Problem description:
Leave the pictures out. Retype exactly the lines below from the one containing "First Great Western" through the one containing "Advertising stickers of", and no others.

[Entries taken from a collection]
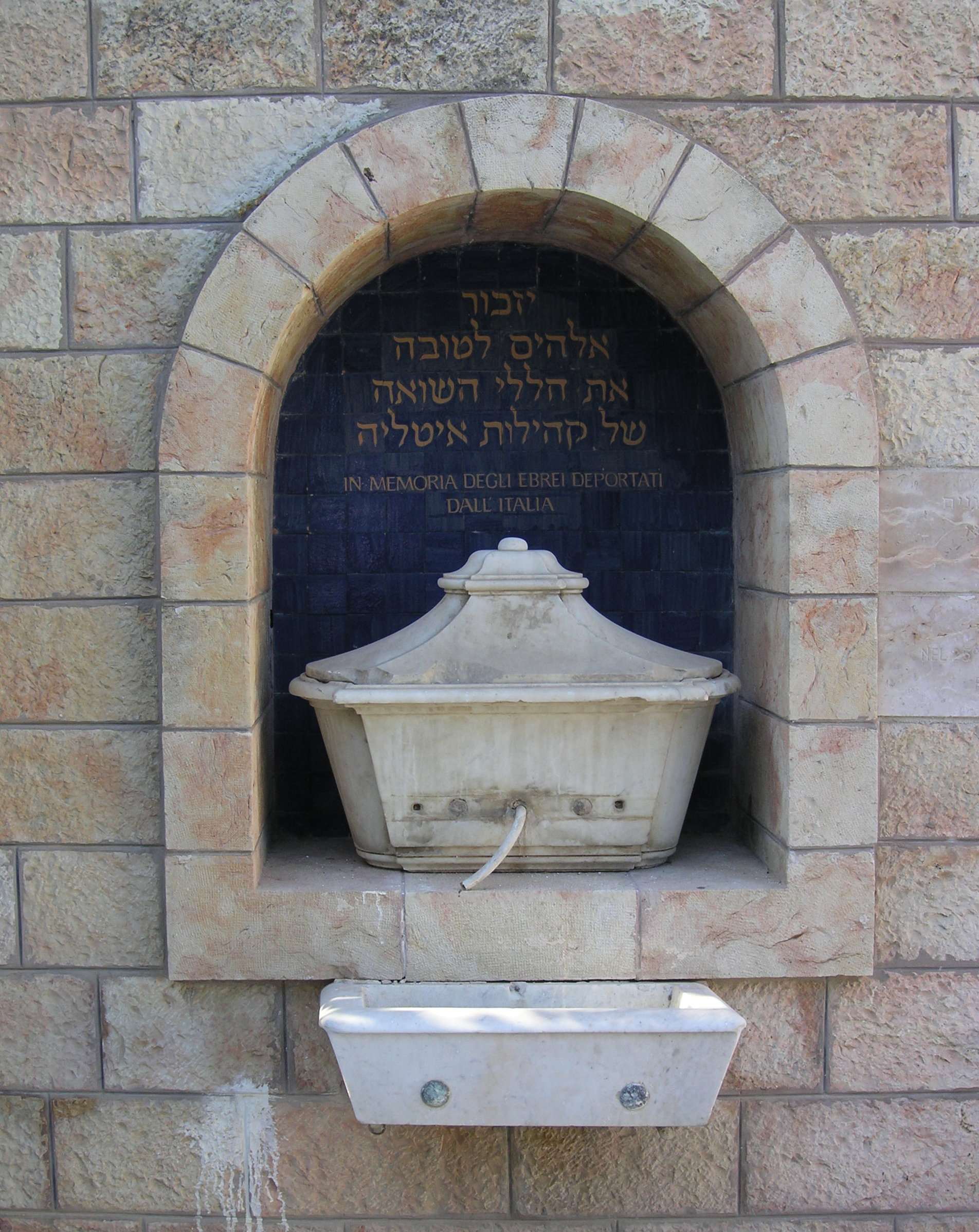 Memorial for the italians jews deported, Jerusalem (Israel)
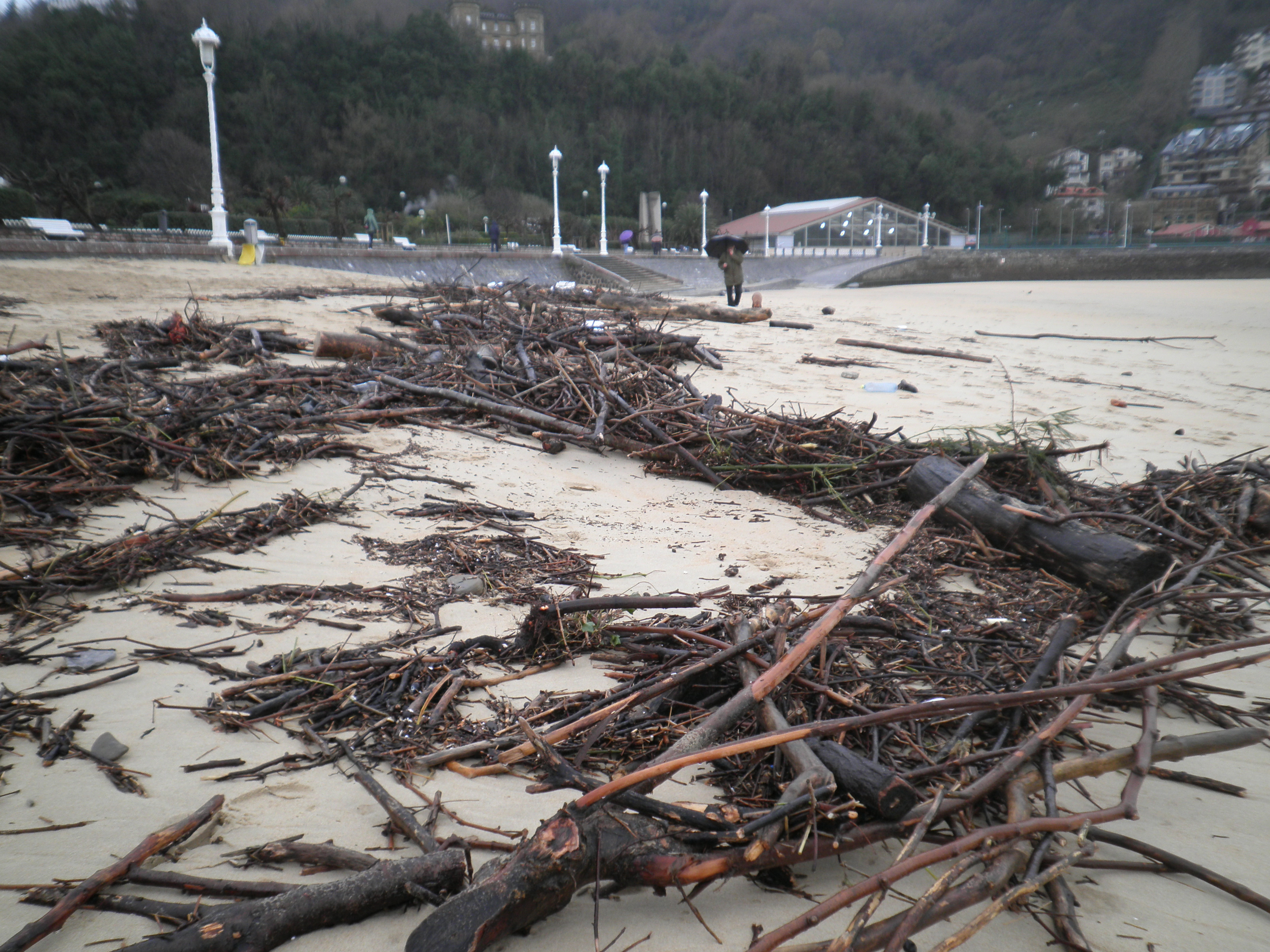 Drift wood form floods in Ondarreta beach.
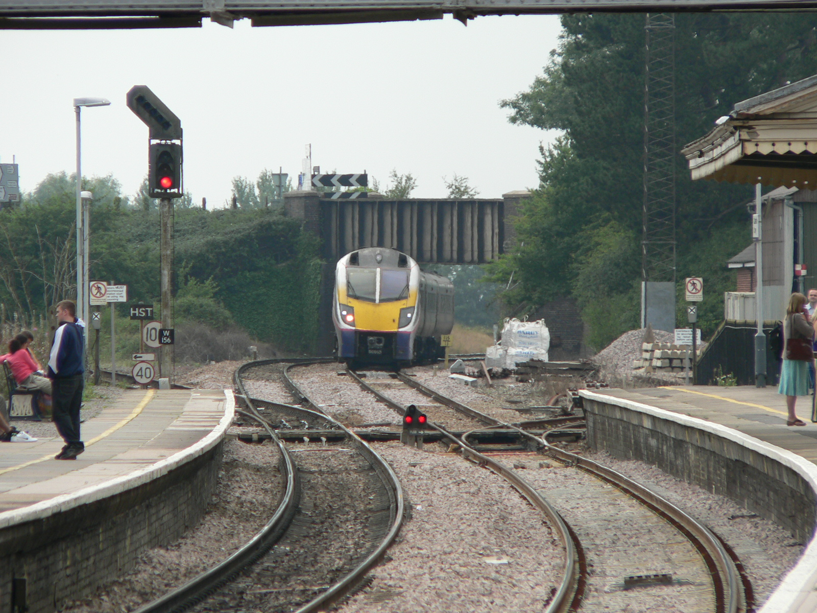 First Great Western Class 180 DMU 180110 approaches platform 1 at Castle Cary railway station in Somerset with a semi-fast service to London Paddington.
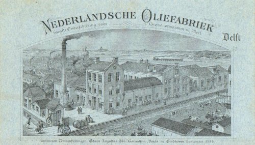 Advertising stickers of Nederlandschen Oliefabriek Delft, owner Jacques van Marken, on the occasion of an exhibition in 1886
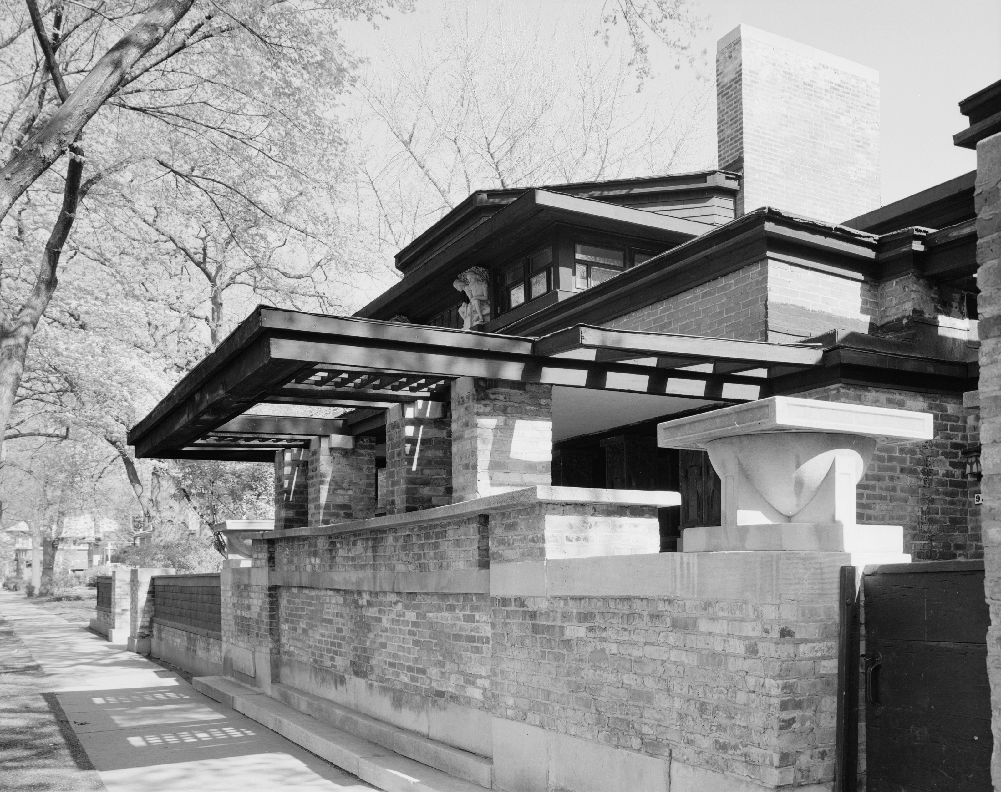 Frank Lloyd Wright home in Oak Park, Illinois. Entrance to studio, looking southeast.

Result:
 First Great Western Class 180 DMU 180110 approaches platform 1 at Castle Cary railway station in Somerset with a semi-fast service to London Paddington.
 Advertising stickers of Nederlandschen Oliefabriek Delft, owner Jacques van Marken, on the occasion of an exhibition in 1886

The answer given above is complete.